Work instruction
Print, exactly as they stand, the lines below from the one that has "First, some facts." to the one that has "Girocollo Animalier E", inclusive, leaving out the pictures.

Records to process
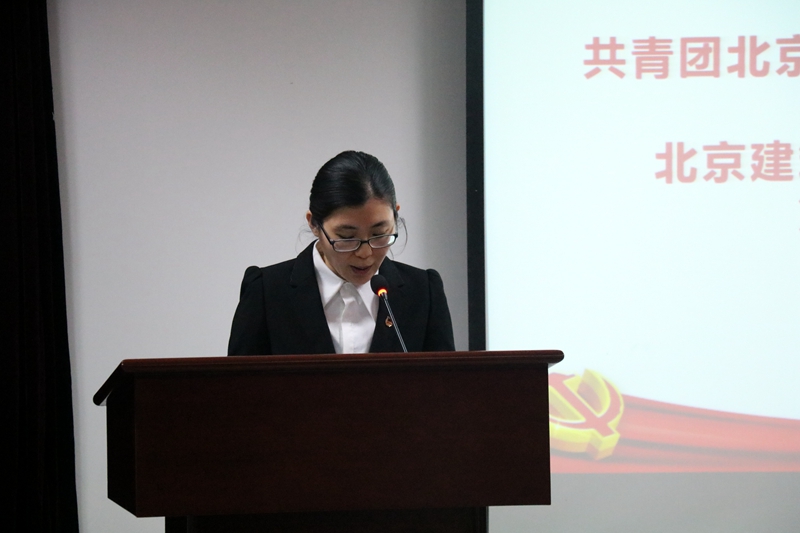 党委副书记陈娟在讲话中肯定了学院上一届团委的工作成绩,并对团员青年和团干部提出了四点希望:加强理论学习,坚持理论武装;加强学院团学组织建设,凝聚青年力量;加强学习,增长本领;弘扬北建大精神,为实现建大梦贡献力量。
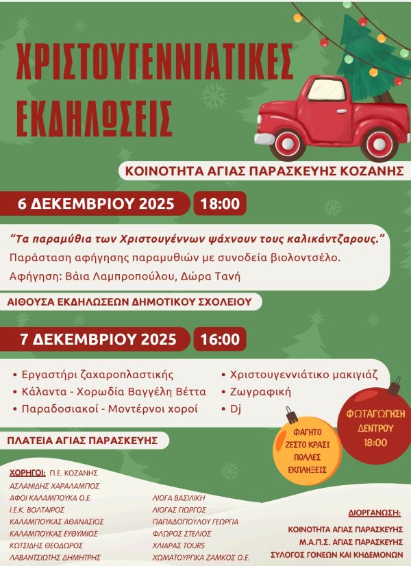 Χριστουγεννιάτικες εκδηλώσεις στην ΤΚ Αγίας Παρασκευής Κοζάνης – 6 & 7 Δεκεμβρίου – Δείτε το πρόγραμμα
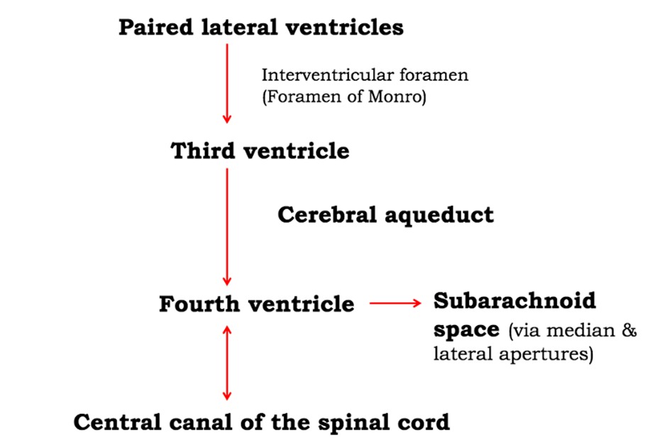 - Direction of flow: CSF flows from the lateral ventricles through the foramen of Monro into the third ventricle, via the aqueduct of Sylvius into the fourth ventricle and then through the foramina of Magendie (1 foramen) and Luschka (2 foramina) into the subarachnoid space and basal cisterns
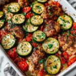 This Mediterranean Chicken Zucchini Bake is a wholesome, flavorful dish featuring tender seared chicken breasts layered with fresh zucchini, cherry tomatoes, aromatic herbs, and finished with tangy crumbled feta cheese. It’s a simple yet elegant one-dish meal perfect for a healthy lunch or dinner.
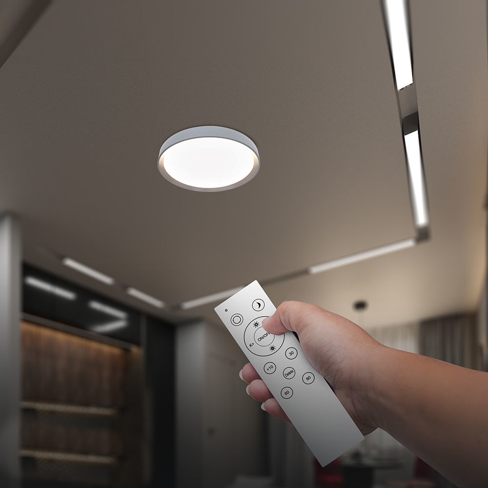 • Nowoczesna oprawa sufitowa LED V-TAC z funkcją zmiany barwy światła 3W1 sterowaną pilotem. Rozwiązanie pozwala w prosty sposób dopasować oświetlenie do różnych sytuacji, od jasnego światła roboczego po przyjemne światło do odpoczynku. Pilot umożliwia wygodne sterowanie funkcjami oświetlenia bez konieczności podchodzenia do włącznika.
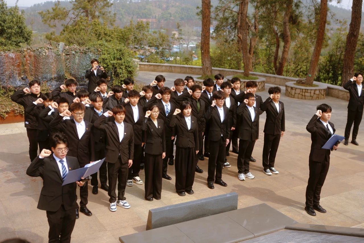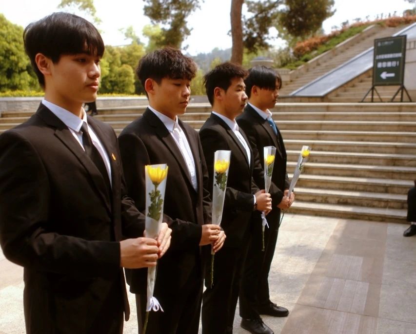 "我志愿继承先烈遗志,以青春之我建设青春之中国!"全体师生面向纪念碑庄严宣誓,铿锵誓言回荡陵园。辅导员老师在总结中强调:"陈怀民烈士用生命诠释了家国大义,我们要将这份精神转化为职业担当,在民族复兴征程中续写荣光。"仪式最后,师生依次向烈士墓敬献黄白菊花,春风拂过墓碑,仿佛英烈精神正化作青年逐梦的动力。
==
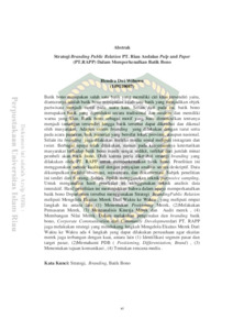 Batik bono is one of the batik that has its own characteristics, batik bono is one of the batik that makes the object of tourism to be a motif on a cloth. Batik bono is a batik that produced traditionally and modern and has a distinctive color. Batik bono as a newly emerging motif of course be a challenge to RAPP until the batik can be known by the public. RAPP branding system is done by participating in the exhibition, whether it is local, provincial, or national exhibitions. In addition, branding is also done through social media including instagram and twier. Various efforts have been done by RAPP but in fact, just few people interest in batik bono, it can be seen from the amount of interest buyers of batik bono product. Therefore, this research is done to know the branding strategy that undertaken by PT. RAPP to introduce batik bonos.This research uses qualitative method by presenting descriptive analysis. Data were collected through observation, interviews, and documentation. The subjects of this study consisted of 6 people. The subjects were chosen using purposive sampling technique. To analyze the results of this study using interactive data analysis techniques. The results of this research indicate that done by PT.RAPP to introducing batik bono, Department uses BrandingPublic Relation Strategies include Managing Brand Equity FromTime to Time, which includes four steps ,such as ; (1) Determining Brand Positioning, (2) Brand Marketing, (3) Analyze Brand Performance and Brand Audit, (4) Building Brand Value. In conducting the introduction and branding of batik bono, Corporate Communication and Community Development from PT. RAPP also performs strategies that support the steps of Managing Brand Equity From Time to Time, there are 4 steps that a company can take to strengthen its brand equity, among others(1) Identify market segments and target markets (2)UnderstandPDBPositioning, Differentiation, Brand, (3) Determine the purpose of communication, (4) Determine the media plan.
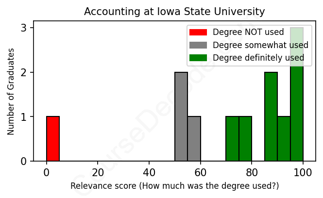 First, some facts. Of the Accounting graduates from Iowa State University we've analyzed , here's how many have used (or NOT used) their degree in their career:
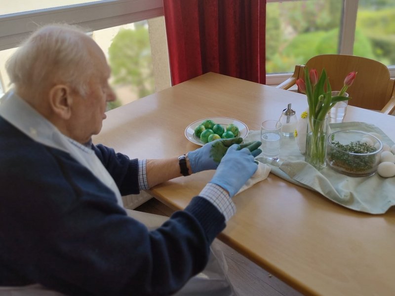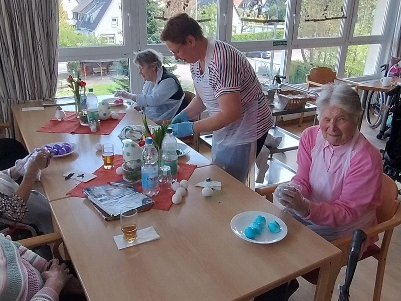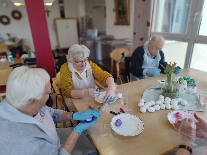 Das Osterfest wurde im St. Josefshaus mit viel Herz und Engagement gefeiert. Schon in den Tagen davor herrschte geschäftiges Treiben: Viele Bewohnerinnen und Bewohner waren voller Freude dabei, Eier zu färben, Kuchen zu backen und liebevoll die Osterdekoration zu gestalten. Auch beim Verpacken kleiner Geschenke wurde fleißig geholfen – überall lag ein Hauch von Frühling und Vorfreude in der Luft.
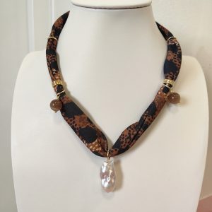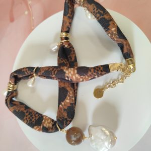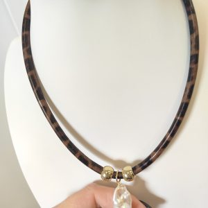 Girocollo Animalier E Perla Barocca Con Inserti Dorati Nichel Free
---
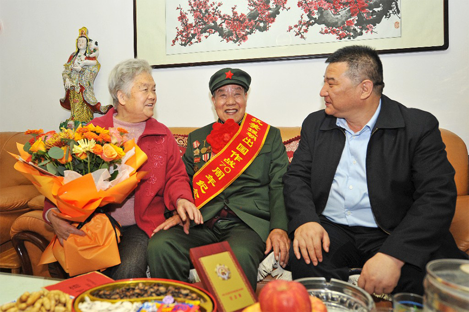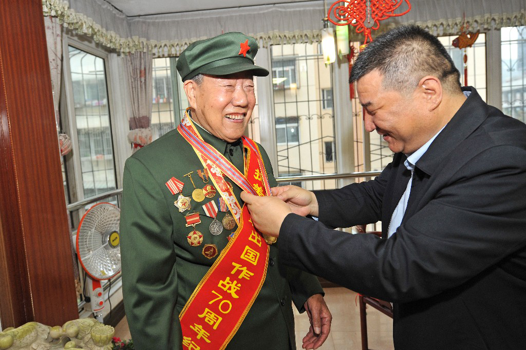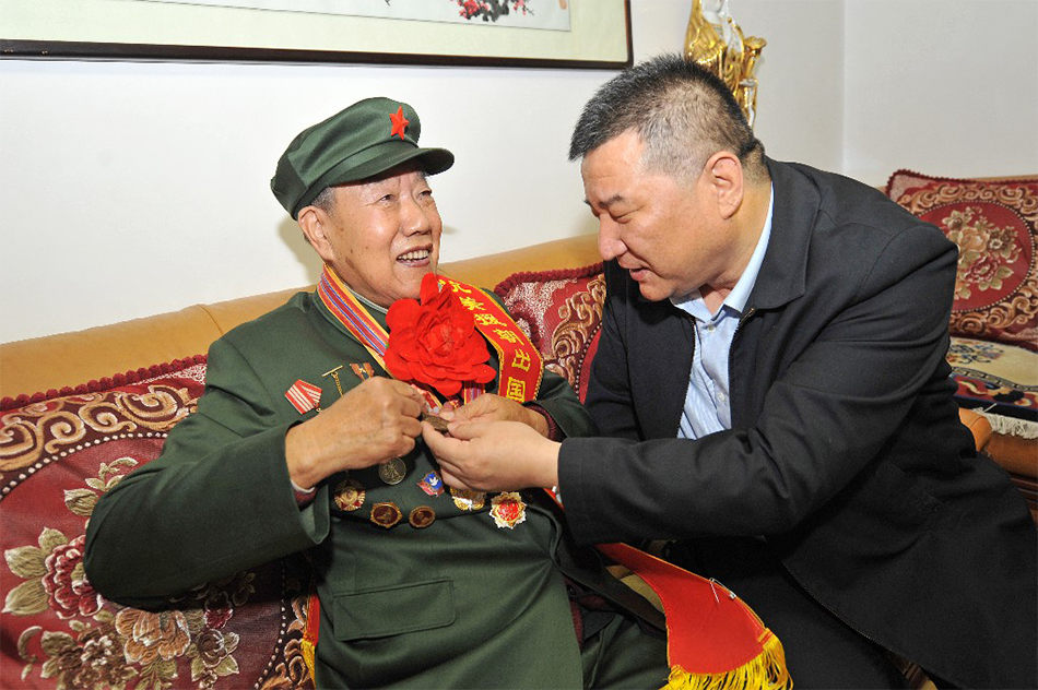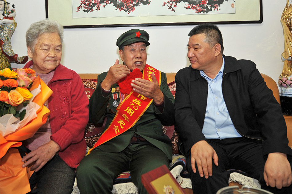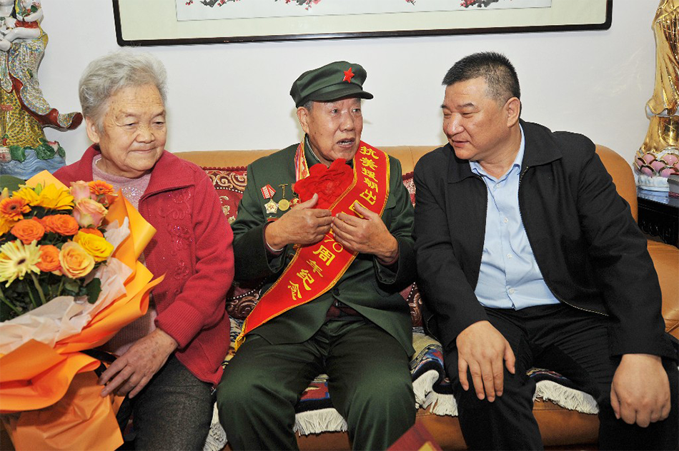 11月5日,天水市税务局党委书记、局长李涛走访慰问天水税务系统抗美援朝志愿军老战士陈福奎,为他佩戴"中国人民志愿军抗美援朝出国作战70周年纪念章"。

Answer for this exercise
 First, some facts. Of the Accounting graduates from Iowa State University we've analyzed , here's how many have used (or NOT used) their degree in their career:
 Das Osterfest wurde im St. Josefshaus mit viel Herz und Engagement gefeiert. Schon in den Tagen davor herrschte geschäftiges Treiben: Viele Bewohnerinnen und Bewohner waren voller Freude dabei, Eier zu färben, Kuchen zu backen und liebevoll die Osterdekoration zu gestalten. Auch beim Verpacken kleiner Geschenke wurde fleißig geholfen – überall lag ein Hauch von Frühling und Vorfreude in der Luft.
 Girocollo Animalier E Perla Barocca Con Inserti Dorati Nichel Free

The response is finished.